Work task
Lines below starting with the line with "ZELIE Taupe 95" and going on through the line with "The Great Room" must be output exactly; the rest of the records must be left out.

Data excerpts:

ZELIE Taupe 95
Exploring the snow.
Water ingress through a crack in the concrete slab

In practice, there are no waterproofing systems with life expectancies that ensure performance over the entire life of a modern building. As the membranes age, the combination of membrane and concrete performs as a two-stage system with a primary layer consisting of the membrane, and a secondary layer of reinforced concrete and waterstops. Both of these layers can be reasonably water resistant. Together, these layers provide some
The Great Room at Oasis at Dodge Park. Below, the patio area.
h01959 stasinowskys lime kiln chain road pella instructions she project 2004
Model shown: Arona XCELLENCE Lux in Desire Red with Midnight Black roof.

* * *

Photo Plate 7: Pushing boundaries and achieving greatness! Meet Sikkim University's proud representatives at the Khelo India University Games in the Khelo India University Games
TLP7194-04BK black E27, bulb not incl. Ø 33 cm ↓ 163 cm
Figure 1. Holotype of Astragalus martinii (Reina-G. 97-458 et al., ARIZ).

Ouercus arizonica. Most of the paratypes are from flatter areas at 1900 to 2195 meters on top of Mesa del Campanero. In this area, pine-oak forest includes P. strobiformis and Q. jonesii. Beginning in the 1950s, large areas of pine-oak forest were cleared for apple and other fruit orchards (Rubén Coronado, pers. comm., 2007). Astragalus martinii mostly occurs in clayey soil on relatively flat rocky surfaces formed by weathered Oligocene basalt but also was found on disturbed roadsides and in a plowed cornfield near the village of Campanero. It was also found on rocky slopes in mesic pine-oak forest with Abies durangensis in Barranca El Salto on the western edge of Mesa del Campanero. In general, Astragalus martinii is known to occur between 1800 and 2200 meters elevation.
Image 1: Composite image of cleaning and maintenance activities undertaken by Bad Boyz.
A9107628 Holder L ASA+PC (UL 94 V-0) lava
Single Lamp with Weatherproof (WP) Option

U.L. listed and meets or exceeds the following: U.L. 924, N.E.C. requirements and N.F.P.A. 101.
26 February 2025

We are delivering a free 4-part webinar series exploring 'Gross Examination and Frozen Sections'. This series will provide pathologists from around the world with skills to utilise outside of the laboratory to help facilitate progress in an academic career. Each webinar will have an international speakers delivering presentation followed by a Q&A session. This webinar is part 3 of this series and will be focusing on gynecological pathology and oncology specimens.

Response box
ZELIE Taupe 95
Exploring the snow.
Water ingress through a crack in the concrete slab

In practice, there are no waterproofing systems with life expectancies that ensure performance over the entire life of a modern building. As the membranes age, the combination of membrane and concrete performs as a two-stage system with a primary layer consisting of the membrane, and a secondary layer of reinforced concrete and waterstops. Both of these layers can be reasonably water resistant. Together, these layers provide some
The Great Room at Oasis at Dodge Park. Below, the patio area.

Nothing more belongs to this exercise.